The high prevalence of G-4s in the human genome may raise concerns about the specificity of G-4-stabilising agents, even if the great structural variability of G-4 structures stands for their potential selective recognition. Nevertheless, it cannot be excluded that differences in promoter epigenetic modifications, cell proliferation-dependent transcriptional activity, and the presence of single nucleotide polymorphysms as well as protein crowding at the promoter level could account for a possible lower susceptibility to G-4-interacting agents of normal compared to cancer cells.

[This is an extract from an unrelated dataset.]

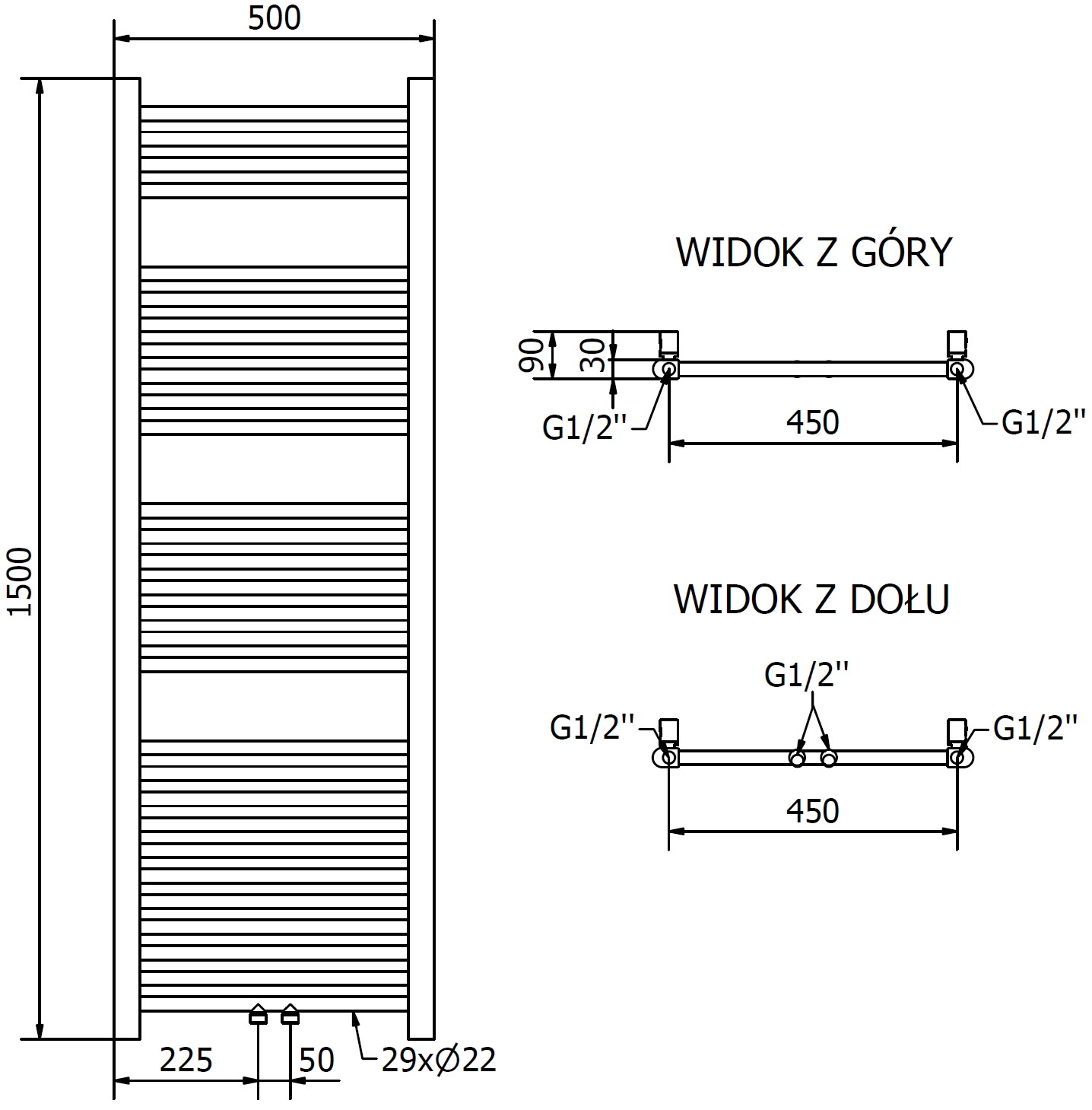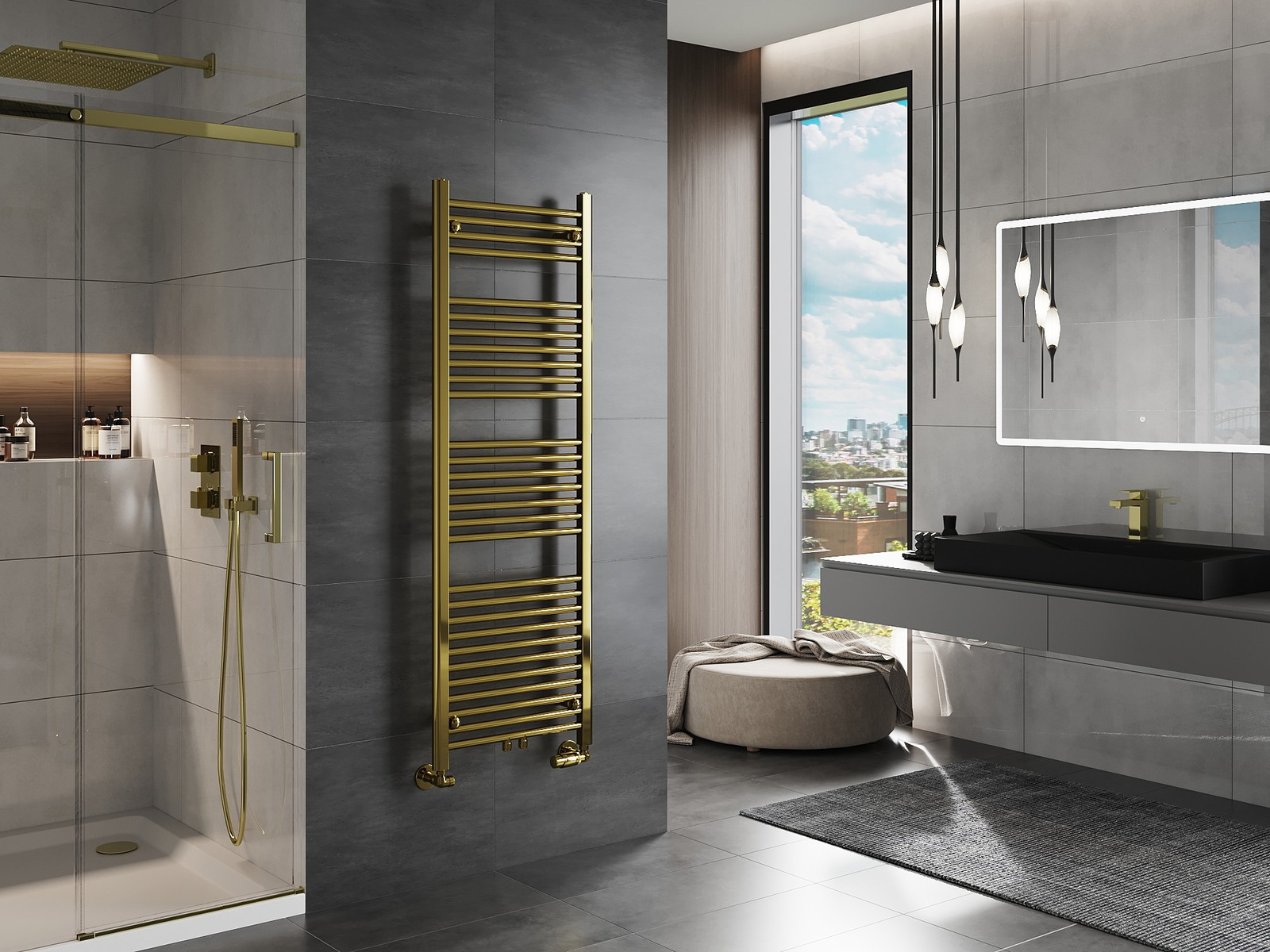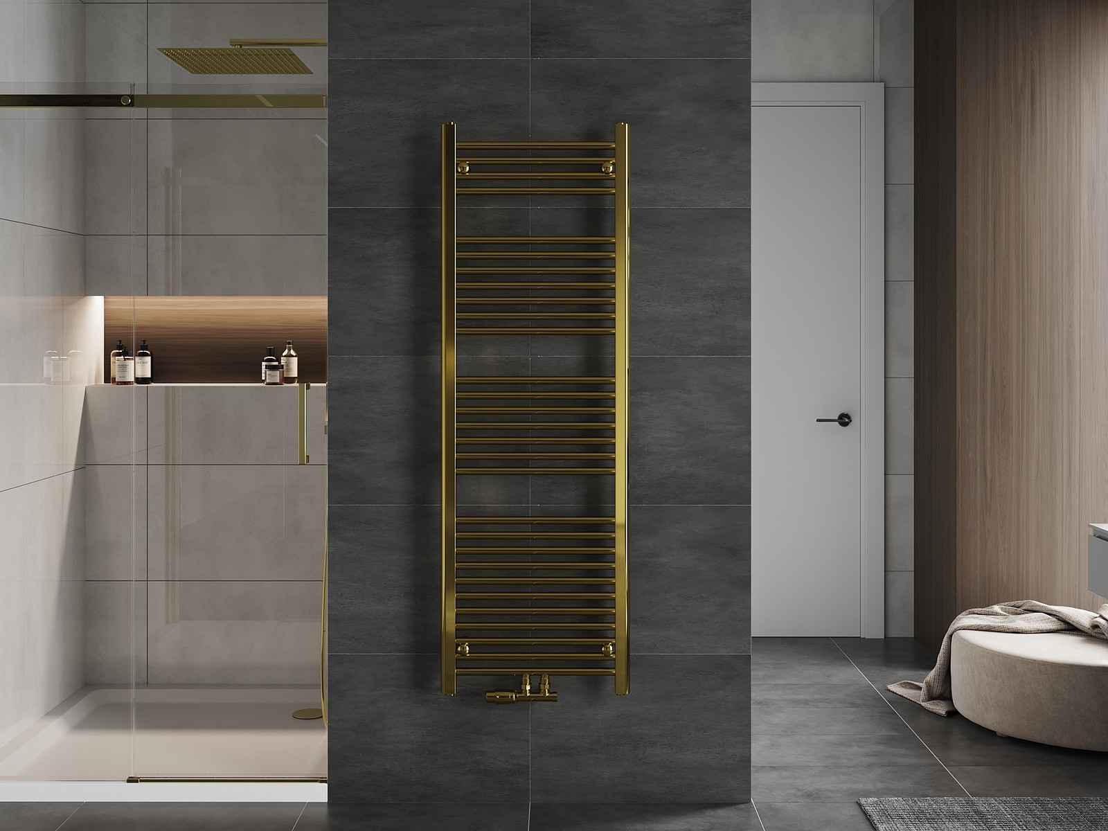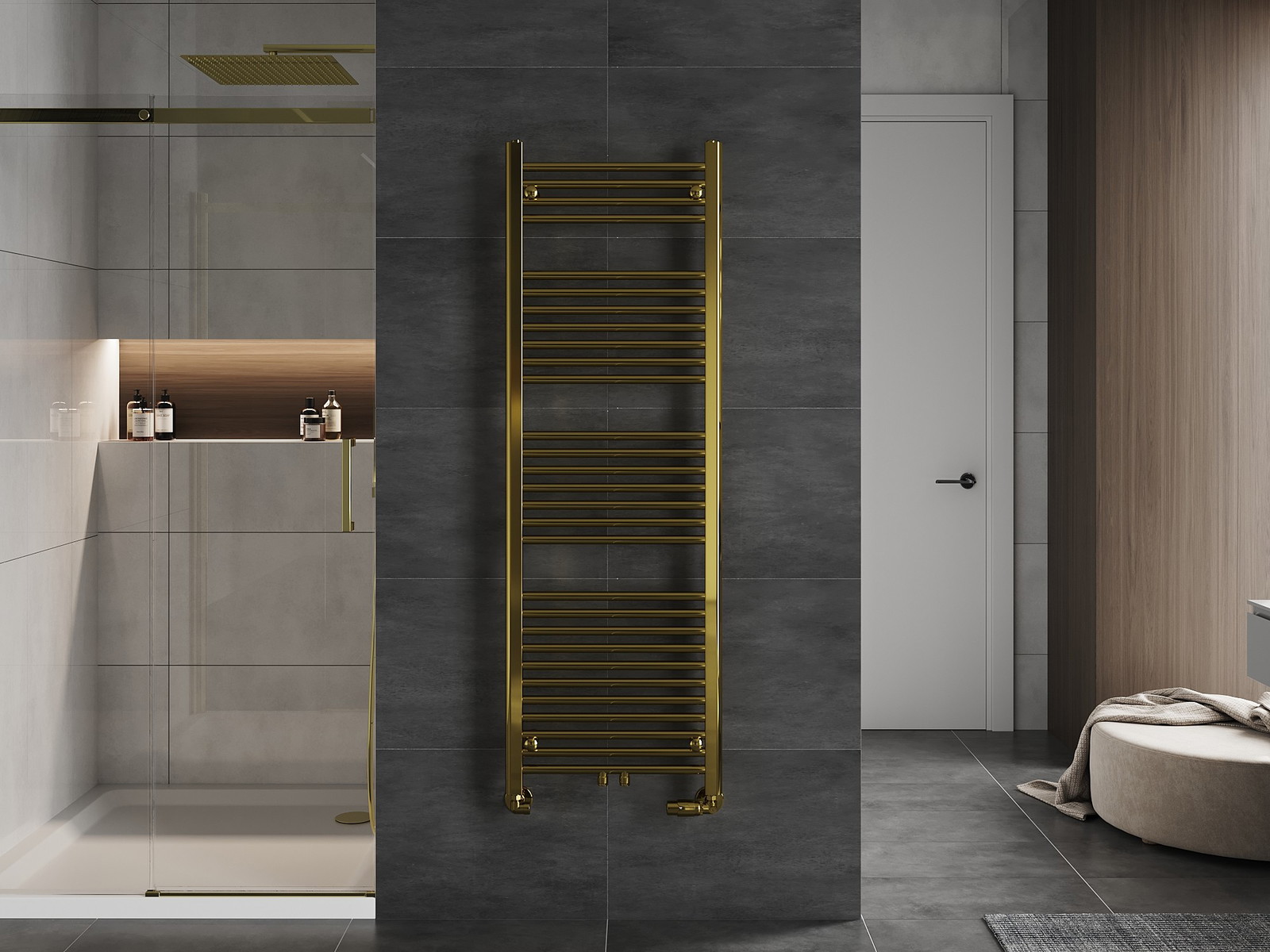 A Mexen Mars egy elegáns fürdőszobai fűtőtest lenyűgöző 1500x500 mm méretekkel és 494 W fűtési teljesítménnyel. Tartós acélból készült, arany festékréteggel, amely ellenáll a korróziónak. Kitűnik a magas minőségű kialakítással és az A1 tűzreakciós osztályú hatékony reakcióval. Különböző csatlakozási lehetőségek (2xG ½″ középső, 4xG ½″) és 95 °C maximális üzemi hőmérséklet miatt ideális bármilyen fürdőszobába. Kényelmes a szerelés a mellékelt szerelőkészlettel.
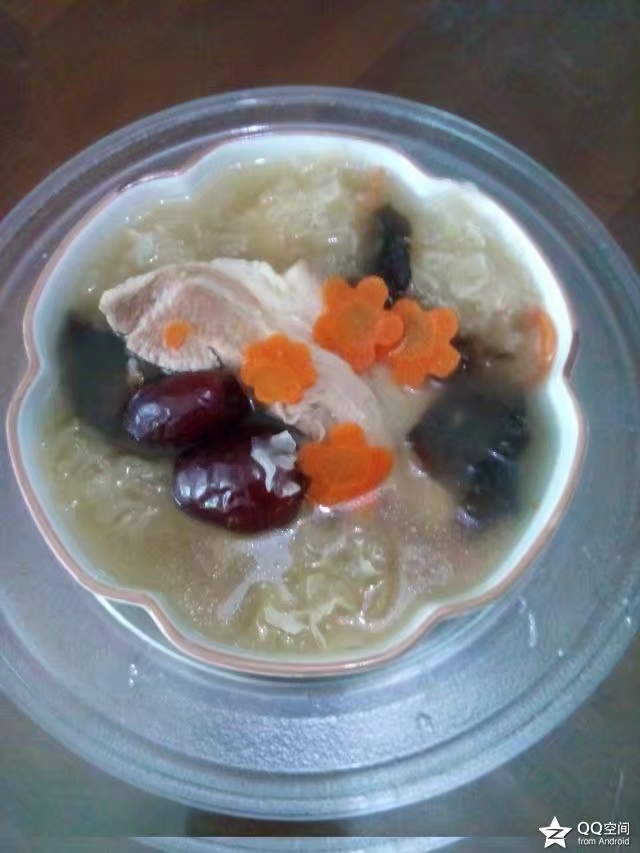 双耳猪肉汤:黑木耳具有滋养、清肺、润燥之效,白木耳具有生津润肺、滋阴养胃、益气活血的作用,两者合食可清肺润燥、止咳化痰。搭配瘦猪肉可增加动物蛋白,提高营养价值。

A point that needs to be urgently addressed deals with the in vivo existence of G-4 structures, which has been a matter of debate for decades. The possible presence of G-4 structures in vivo has been indirectly pointed out by the identification of a variety of proteins able to stabilize or promote the formation of as well as to destabilize or unwind the tetraplex DNA (41). Moreover, the very recent development of G-4 structure-directed antibodies that allow to quantitatively visualizing G-4 structures in human cells has undoubtedly represented a step of paramount importance in the G-4 research field (42,43). Although a large amount of data has been provided concerning the G-4-mediated regulation of gene expression (44), direct evidence for the biological relevance of G-4s in the cell context is still lacking. In this context, deep knowledge of the molecular mechanisms that facilitate the formation of G-4 structures (e.g., protein-nucleic acid interactions) will be instrumental in understanding the role of G-4s in living cells and for the identification of genes that effectively undergo a G-4 motif-dependent transcriptional control and not merely bear PQS. Filling the present gaps between the chemo-physical and the biological assays will help opening new avenues in the continuous fight against human diseases.